[WHAT YOU ARE ASKED TO DO]:
For the data below, give again exactly the lines from the one containing "Букет из 19 тюльпанов (цвет микс) на ленте" through the one containing "Tandimplantater består typisk", both ends included, and no others.

[STUDY MATERIAL]:
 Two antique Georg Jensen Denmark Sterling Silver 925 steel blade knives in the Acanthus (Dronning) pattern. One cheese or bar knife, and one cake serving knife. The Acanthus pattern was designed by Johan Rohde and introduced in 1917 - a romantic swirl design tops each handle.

---

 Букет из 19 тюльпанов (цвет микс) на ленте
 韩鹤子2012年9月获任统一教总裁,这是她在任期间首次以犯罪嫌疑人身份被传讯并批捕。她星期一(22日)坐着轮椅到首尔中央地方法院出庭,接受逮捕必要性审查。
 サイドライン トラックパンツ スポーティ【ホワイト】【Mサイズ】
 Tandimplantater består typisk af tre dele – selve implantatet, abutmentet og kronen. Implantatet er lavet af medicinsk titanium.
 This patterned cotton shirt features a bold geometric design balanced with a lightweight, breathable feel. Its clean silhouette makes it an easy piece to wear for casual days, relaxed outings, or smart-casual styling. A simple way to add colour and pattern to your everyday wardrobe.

[ANSWER BELOW]:
 Букет из 19 тюльпанов (цвет микс) на ленте
 韩鹤子2012年9月获任统一教总裁,这是她在任期间首次以犯罪嫌疑人身份被传讯并批捕。她星期一(22日)坐着轮椅到首尔中央地方法院出庭,接受逮捕必要性审查。
 サイドライン トラックパンツ スポーティ【ホワイト】【Mサイズ】
 Tandimplantater består typisk af tre dele – selve implantatet, abutmentet og kronen. Implantatet er lavet af medicinsk titanium.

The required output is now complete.